Resources Tuning¶
This section will contain a collection of suggested settings for various services running on NetEye.
MariaDB¶
MariaDB is started with default upstream settings. If the size of
an installation requires it, resource usage of MariaDB can be adjusted
to meet the higher requirements for performance. The following
settings can be added to a file
/neteye/shared/mysql/conf/my.cnf.d/custom.conf
:
[mysqld]
innodb_buffer_pool_size=16G
tmp_table_size = 512M
max_heap_table_size = 512M
innodb_sort_buffer_size=16000000
sort_buffer_size=32M
Icingaweb2 GUI¶
Performance of the Icingaweb2 Graphical User Interface, can significantly be improved in high load environments by adding INDEX and updating the COLUMN definition of hostgroups and history related tables. To do this, execute the below queries manually:
ALTER TABLE icinga_hostgroups MODIFY hostgroup_object_id bigint(20) unsigned NOT NULL;
ALTER TABLE icinga_hostgroups ADD UNIQUE INDEX idx_hostgroups_hostgroup_object_id (hostgroup_object_id);
ALTER TABLE icinga_commenthistory ADD INDEX idx_icinga_commenthistory_entry_time (entry_time);
ALTER TABLE icinga_downtimehistory ADD INDEX idx_icinga_downtimehistory_entry_time (entry_time);
ALTER TABLE icinga_notifications ADD INDEX idx_icinga_notifications_start_time (start_time);
ALTER TABLE icinga_statehistory ADD INDEX idx_icinga_statehistory_state_time (state_time);
InfluxDB¶
InfluxDB is a time series database designed to handle high volumes of write and query loads in NetEye. If you want to learn more about InfluxDB you can refer to the official InfluxDB documentation
Migration of inmem (in-memory) indices to TSI (time-series)
From NetEye 4.14, InfluxDB will use the Time Series Index (TSI).

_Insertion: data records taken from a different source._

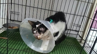 經過一段時間的治療與照顧,貓咪捱過貓瘟病毒的攻擊,目前仍在醫院接受排毒治療。體重明顯增加,可摸可抱,日後出院不考慮野放,將由志工帶回照顧。動物近況說明: 貓咪通過貓瘟考驗,目前仍然住院中,由於貓咪相當親人,可摸可抱,出院後由志工收編,帶回貓屋照顧。
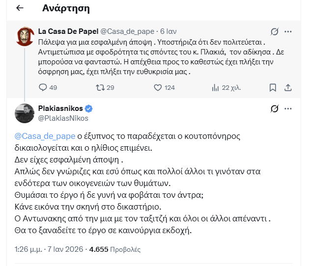 Υπογράμμισε ότι ο χρήστης δεν είχε λάθος άποψη, αλλά απλώς αγνοούσε – όπως και πολλοί άλλοι – όσα διαδραματίζονταν μέσα στις οικογένειες των θυμάτων. Και κατέληξε με την ίδια κινηματογραφική αναφορά, προαναγγέλλοντας ότι η «σκηνή» θα παιχτεί ξανά.
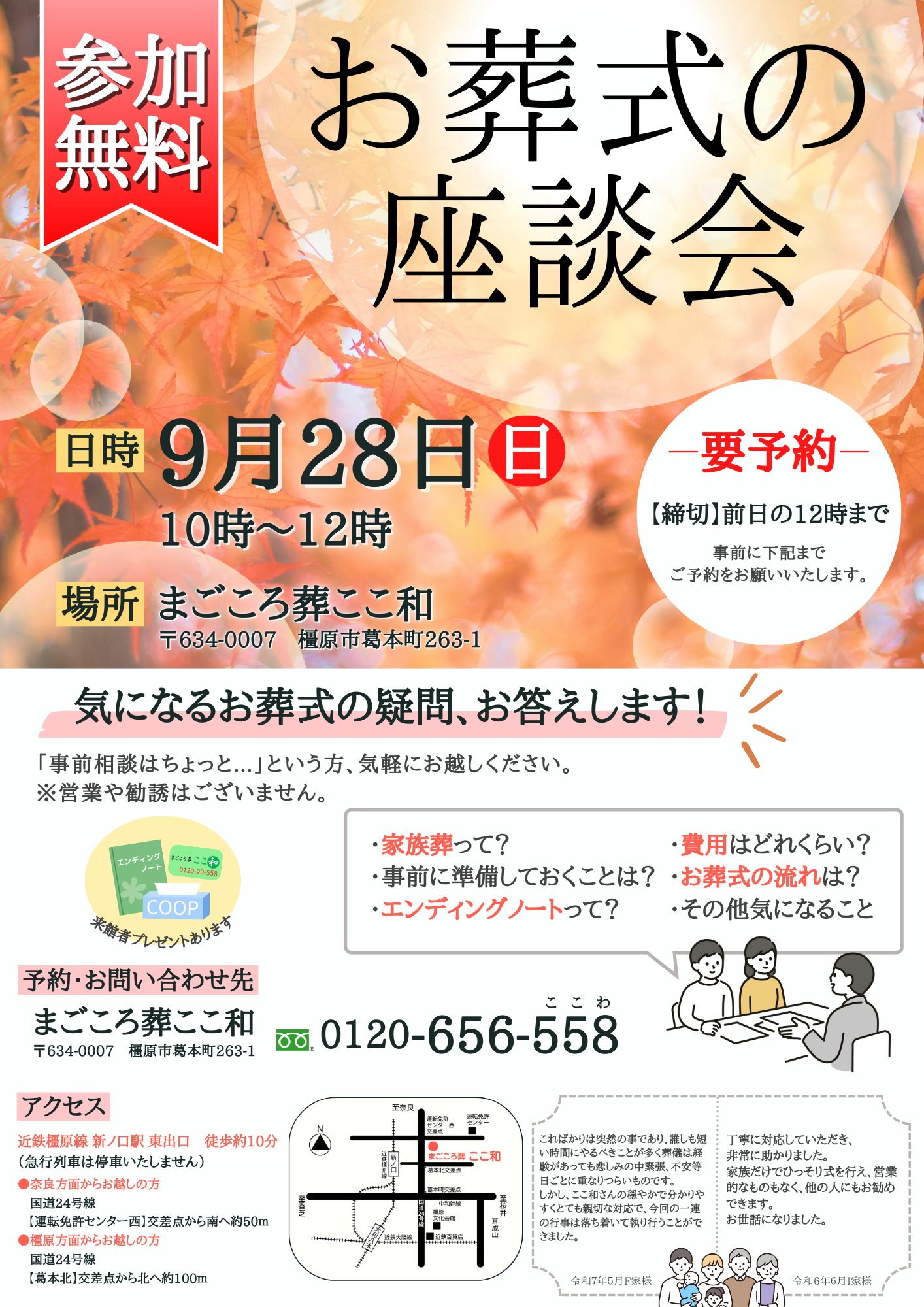 9月開催‼「お葬式の座談会」のお知らせ - まごころ葬ここ和
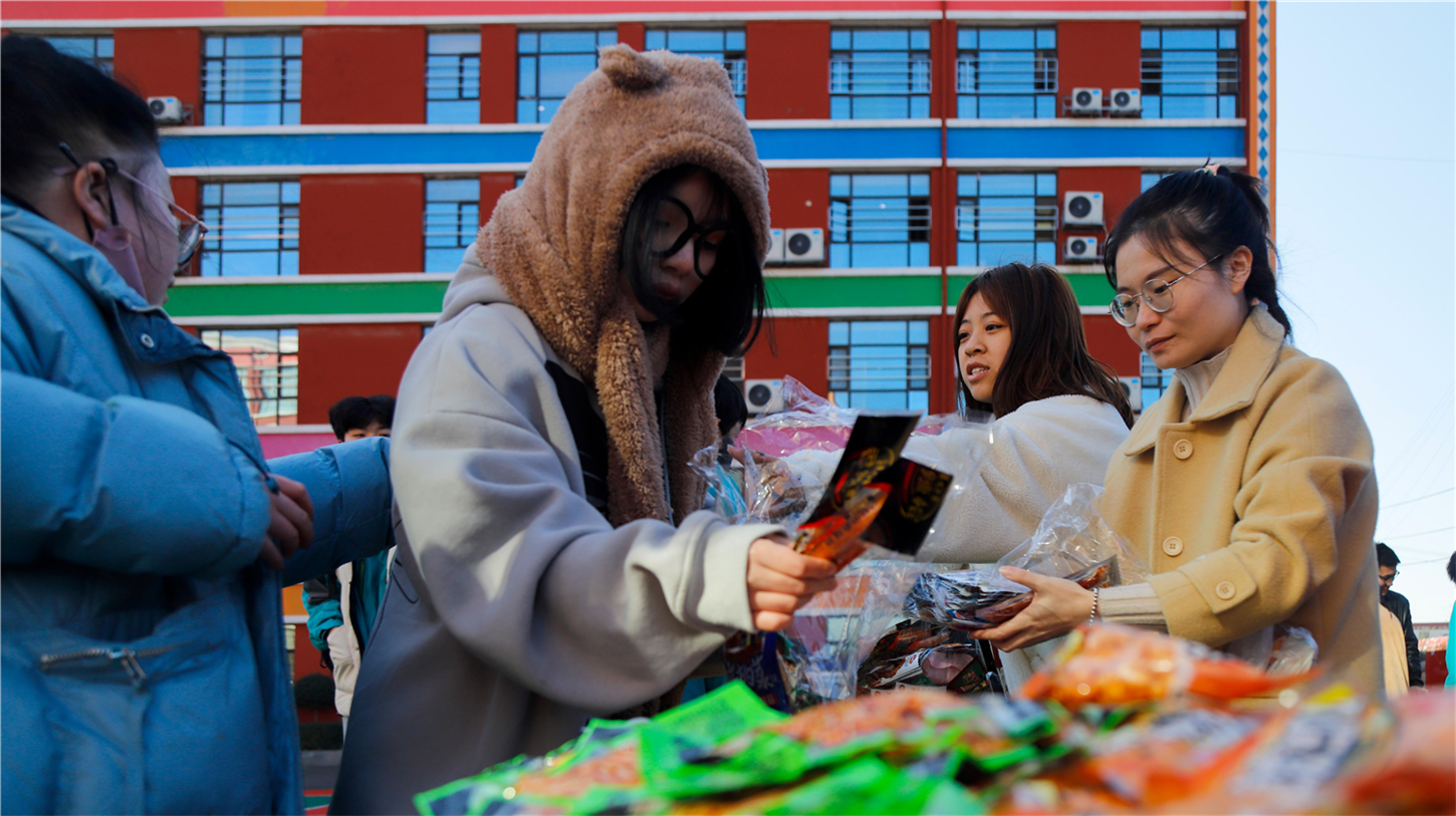 电商学子在教学楼前操场上摆摊设点,购物节售卖的商品都是同学们自己联系的货源,根据本次售卖针对的人群精心选择能够实现大卖的商品,或来自校外赞助、或从网上批发,充满童年记忆的小零食、健康绿色的家乡土特产、自印的文创T恤……琳琅满目的商品看得人眼花缭乱,让现场的同学老师们忍不住“剁手”,有的摊位前甚至排起了长队,昔日安静的操场变成了热闹的“买卖街”,现场气氛异常火爆。
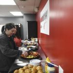 The lunchroom at Knichel Logistics had trays of fruit, pastries, burritos and sandwiches from Bartram House Bakery & Café in Pine. The event was held in conjunction with Dress for Success Pittsburgh, a non-profit that helps women entering and returning to the workforce.
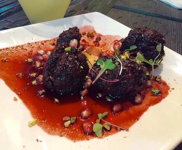 The Divan menu offers a few traditional Mediterranean favorites including their “Hummus Duo with Tabouleh” served with their fresh “Tandoori Naan Bread”, which can be consumed in rather large quantities. It would be wise to pair their “Spicy Shrimp” alongside the Hummus Duo, but those who are especially keen on taste adventures should try the “Turkey and Pistachio Kufta”. The Kufta is like a turkey meatball, enhanced with a medley of herbs and spices and topped with a pomegranate glaze that could not be more dynamic. Pair this with a fine red wine- Pinot Noir would go well with the lean meat and sharp pomegranate sauce.
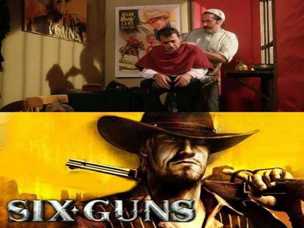 مصمم الديكور في هذا العمل وقع بخطأ كبير، حيث يعود البوستر الأيمن إلى لعبة بعنوان “Six-guns” التي أصدرتها شركة “game-loft” في عام 2011 عن فيلم بنفس العنوان خرج سنة 2010، ما يعني أن الفرق بين الحدث والديكور يقارب الخمسين عاماً.
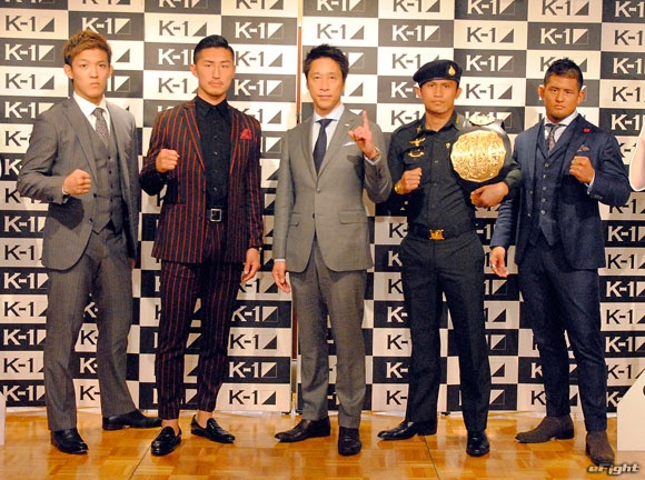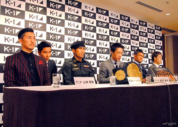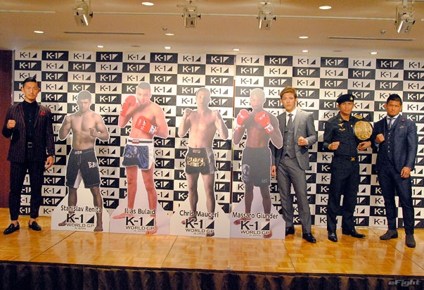 (左から)山崎、レニタ、ブライド、マセーリ、グランダー、野杁、ゲーオ、HIROYA。ゲーオ以外の外国人選手はパネルが用意された
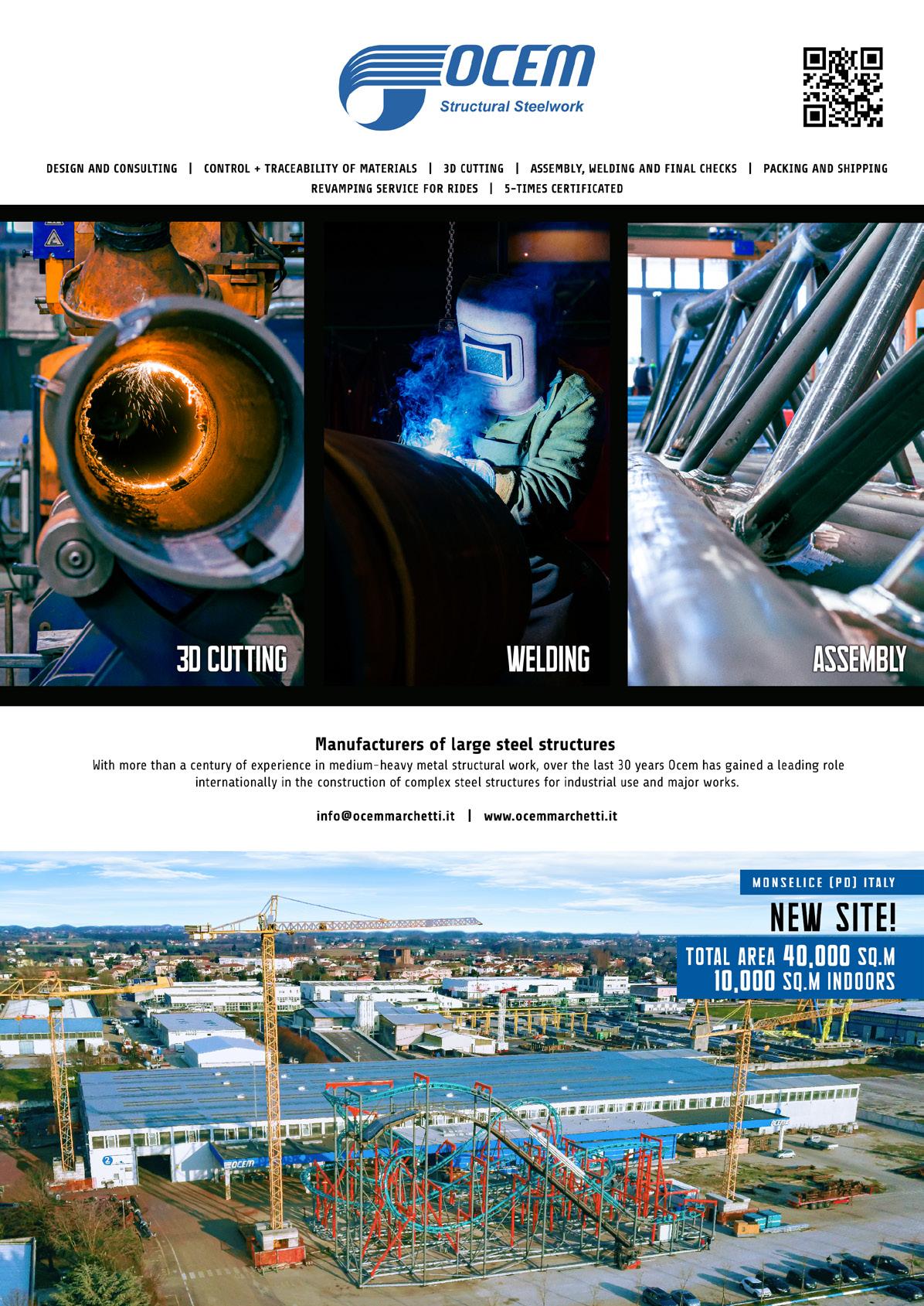 In copertina, c’è Jamaica Drum, una major ride che in queste settimane sta lavorando con successo nell'area Carnival del Global Village Dubai, il popolare evento incentrato su intrattenimenti, shopping e ristorazione che si tiene annualmente a Dubai (EAU). Jamaica Drum è una giostra a pendolo alta 17m dai molteplici movimenti: il disco con 24 posti a sedere oscilla avanti e indietro e ruota, mentre contemporaneamente il braccio gira di 360 gradi, facendo così compiere ai rider dei loop completi. Le sedute sono disposte due a due, con i passeggeri seduti rivolti verso l'interno e con i piedi che poggiano sul pavimento del disco. Barre over-the-shoulder con doppi dispositivi li mantengono seduti in sicurezza.

However, the existing setup will still use the TSM index for writing and fetching data until you perform the migration procedure, which consists of the following steps.
Build TSI by running the
influx_inspect buildtsi
command:In a cluster environment, the below command must be executed on the node on which the InfluxDB resource is running:
sudo -u influxdb influx_inspect buildtsi -datadir /neteye/shared/influxdb/data/data -waldir /neteye/shared/influxdb/data/wal -v
Upon execution, the above command will build TSI for all the databases that exist in *
Note
If you want to build TSI only for a specific database then add the
-database <database_name>
parameter to the above command.Restart the
influxdb
service:
Single node:
systemctl restart influxdb
Cluster environment:
pcs resource restart influxdb
The official documentation of InfluxDB Upgrade contains more information about the inmem (in-memory) to TSI (time-series) migration process.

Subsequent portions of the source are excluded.